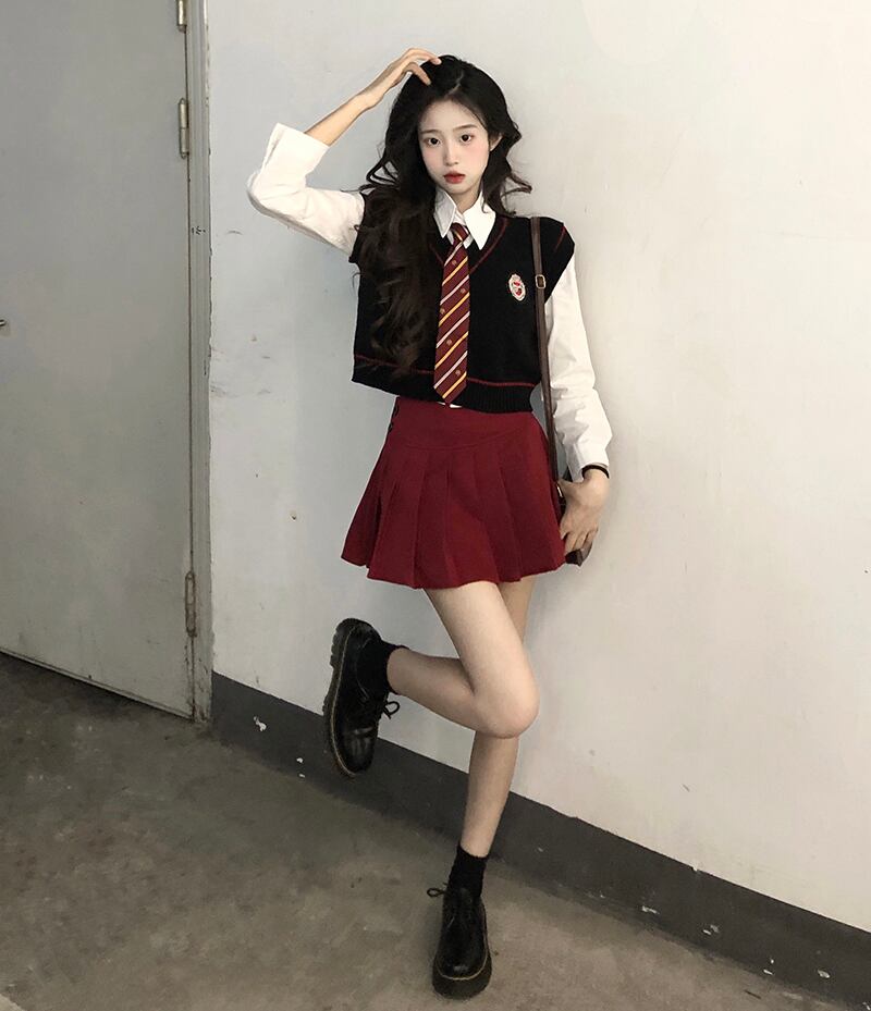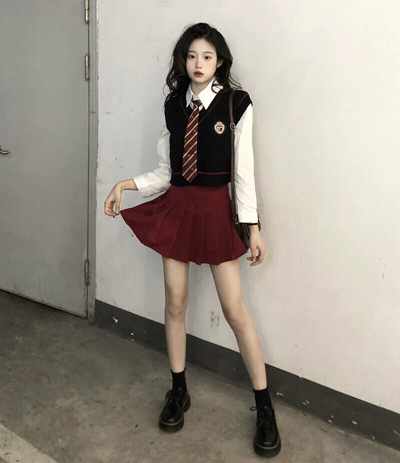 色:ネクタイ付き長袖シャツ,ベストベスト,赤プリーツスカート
...
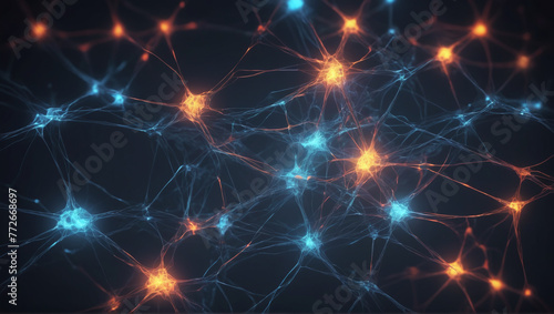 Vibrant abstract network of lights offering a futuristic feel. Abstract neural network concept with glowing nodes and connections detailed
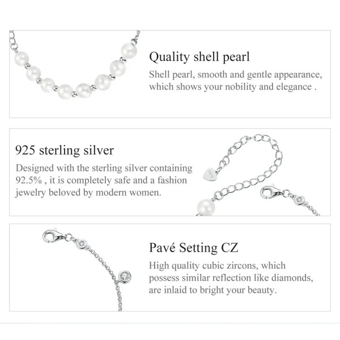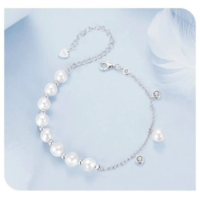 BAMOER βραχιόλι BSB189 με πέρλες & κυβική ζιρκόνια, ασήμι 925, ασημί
* * *
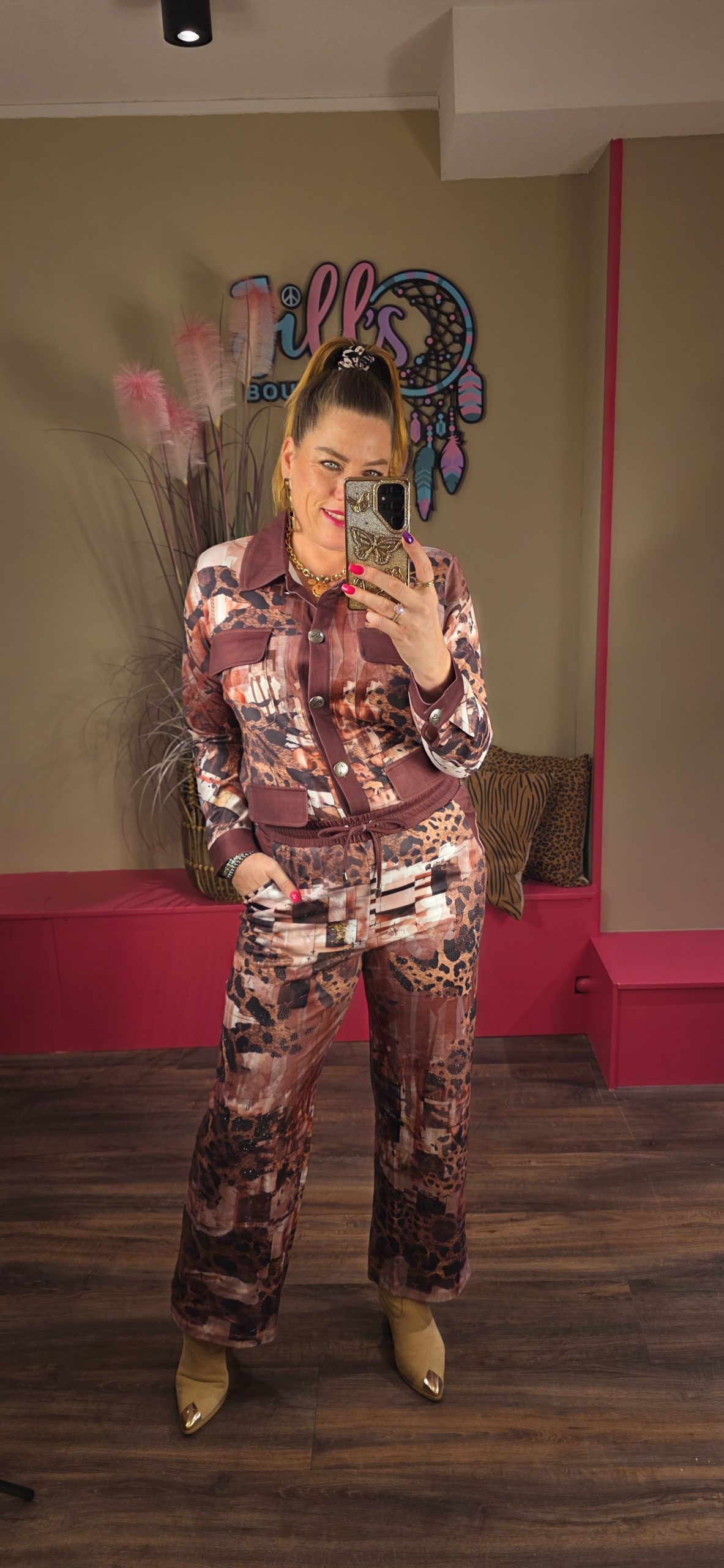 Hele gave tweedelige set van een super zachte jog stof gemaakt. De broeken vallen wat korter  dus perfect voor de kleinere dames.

▶ _TASK PROMPT_
From the listing above, restate verbatim the lines running from the one with "Vibrant abstract network" through the one with "BAMOER βραχιόλι BSB189", inclusive, but not the pictures.

▶ _WRITTEN SOLUTION_
 Vibrant abstract network of lights offering a futuristic feel. Abstract neural network concept with glowing nodes and connections detailed
 BAMOER βραχιόλι BSB189 με πέρλες & κυβική ζιρκόνια, ασήμι 925, ασημί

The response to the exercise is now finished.